_Exercise details_
Write out exactly the lines below starting at the one containing "Belle (analogous to" and ending at the one containing "AMERICAN BARREL HOUSE". Omit every picture.

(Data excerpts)
_____

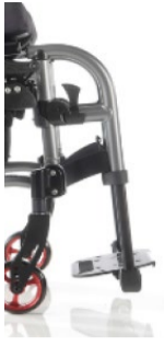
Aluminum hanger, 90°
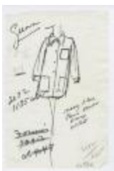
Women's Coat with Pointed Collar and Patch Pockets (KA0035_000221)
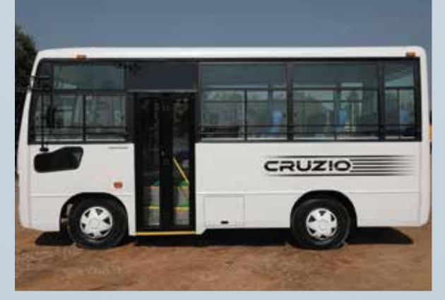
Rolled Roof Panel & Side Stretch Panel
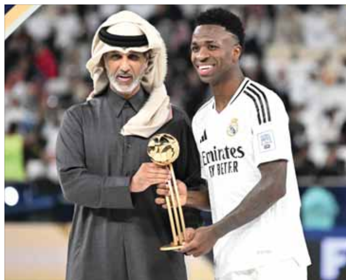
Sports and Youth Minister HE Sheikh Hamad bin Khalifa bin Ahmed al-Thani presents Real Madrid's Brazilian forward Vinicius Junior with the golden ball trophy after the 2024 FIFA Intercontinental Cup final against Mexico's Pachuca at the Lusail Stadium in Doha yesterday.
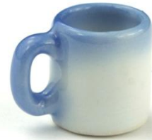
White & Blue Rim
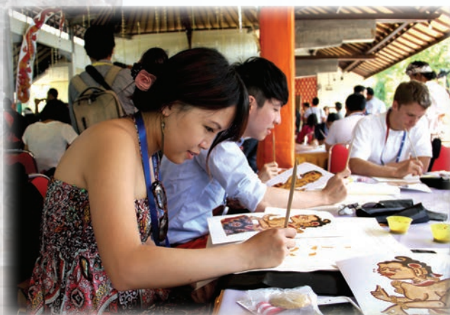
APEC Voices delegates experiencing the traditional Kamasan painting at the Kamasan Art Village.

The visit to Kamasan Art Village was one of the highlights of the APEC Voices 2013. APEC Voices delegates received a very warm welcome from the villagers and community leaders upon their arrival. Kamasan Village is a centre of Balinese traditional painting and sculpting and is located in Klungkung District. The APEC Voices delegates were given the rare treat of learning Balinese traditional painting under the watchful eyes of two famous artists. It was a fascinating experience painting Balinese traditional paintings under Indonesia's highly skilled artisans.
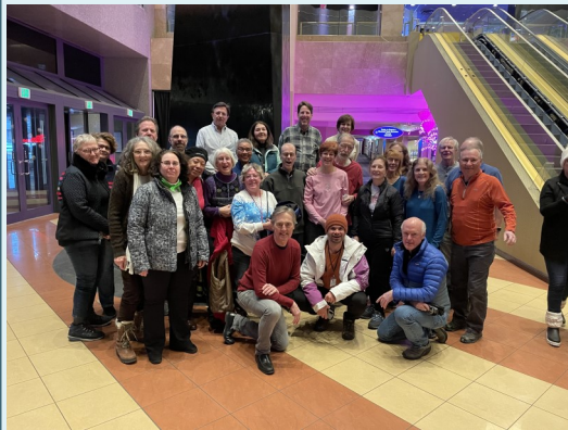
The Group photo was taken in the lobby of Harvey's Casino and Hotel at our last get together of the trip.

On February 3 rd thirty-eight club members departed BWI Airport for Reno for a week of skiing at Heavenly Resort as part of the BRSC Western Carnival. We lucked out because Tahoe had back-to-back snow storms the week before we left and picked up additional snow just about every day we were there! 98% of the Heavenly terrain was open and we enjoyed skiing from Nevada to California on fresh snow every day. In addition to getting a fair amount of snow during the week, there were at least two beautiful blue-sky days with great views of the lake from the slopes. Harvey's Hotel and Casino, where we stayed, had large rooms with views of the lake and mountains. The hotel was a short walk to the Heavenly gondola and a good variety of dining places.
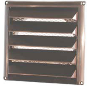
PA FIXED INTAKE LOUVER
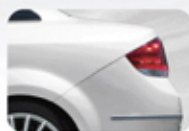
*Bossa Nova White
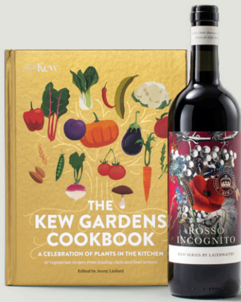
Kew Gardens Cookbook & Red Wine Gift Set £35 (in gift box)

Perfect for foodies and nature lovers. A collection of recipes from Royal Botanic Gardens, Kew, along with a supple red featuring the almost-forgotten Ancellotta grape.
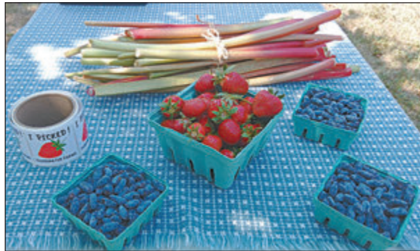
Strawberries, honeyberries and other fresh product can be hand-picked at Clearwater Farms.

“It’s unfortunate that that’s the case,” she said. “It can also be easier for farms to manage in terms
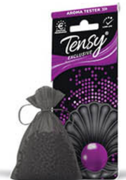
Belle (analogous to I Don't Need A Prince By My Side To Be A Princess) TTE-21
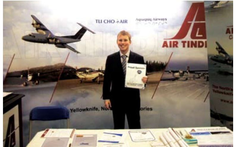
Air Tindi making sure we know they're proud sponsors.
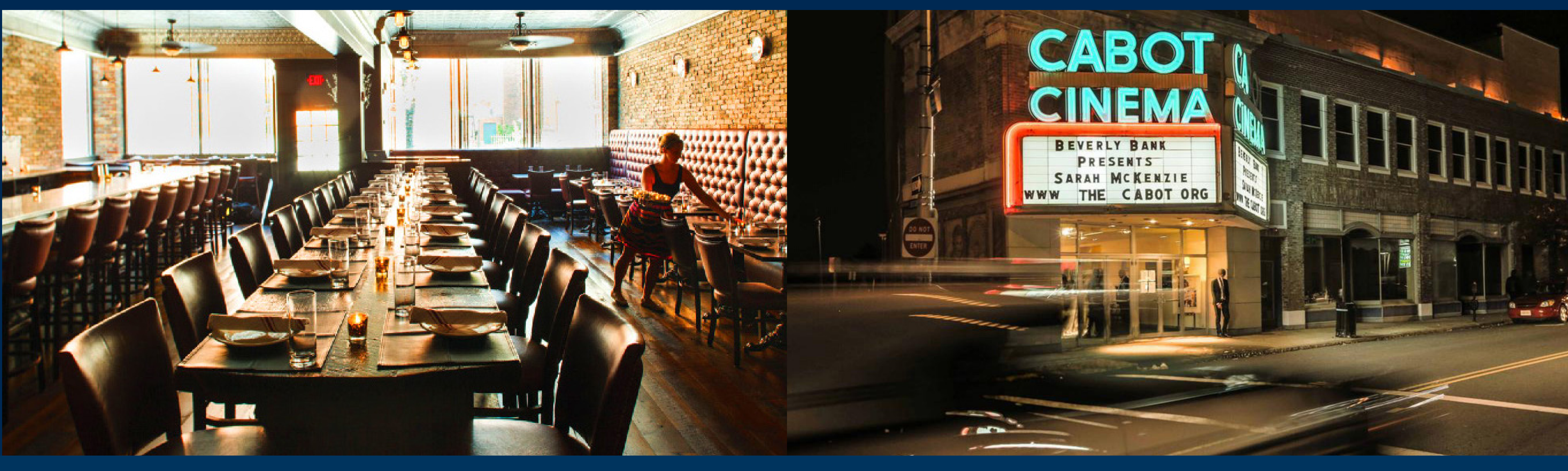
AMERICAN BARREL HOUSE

_____

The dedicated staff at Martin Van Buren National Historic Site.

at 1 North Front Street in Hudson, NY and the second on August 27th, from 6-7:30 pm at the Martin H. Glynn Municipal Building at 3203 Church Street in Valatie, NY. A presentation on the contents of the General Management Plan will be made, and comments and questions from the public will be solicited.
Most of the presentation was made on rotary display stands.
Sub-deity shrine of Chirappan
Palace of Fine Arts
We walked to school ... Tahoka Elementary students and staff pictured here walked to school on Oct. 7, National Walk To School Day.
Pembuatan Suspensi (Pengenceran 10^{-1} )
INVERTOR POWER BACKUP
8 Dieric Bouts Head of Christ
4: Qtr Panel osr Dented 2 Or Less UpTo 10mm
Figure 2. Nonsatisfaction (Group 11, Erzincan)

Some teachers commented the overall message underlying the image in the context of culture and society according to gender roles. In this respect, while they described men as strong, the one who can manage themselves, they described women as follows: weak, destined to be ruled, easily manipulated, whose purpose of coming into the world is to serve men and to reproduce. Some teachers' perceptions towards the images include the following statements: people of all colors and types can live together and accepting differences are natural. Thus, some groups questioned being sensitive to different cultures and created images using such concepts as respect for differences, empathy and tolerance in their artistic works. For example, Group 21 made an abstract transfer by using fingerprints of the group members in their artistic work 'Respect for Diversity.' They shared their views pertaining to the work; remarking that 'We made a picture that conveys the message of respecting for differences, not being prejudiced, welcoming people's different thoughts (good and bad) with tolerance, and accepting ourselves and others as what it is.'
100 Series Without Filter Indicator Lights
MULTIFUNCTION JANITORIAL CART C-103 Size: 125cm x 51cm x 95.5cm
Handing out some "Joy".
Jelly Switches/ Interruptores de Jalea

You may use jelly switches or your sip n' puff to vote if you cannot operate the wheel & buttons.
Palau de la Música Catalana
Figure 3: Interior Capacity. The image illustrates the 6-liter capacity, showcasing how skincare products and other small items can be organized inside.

_____

_The completed task_
Belle (analogous to I Don't Need A Prince By My Side To Be A Princess) TTE-21
Air Tindi making sure we know they're proud sponsors.
AMERICAN BARREL HOUSE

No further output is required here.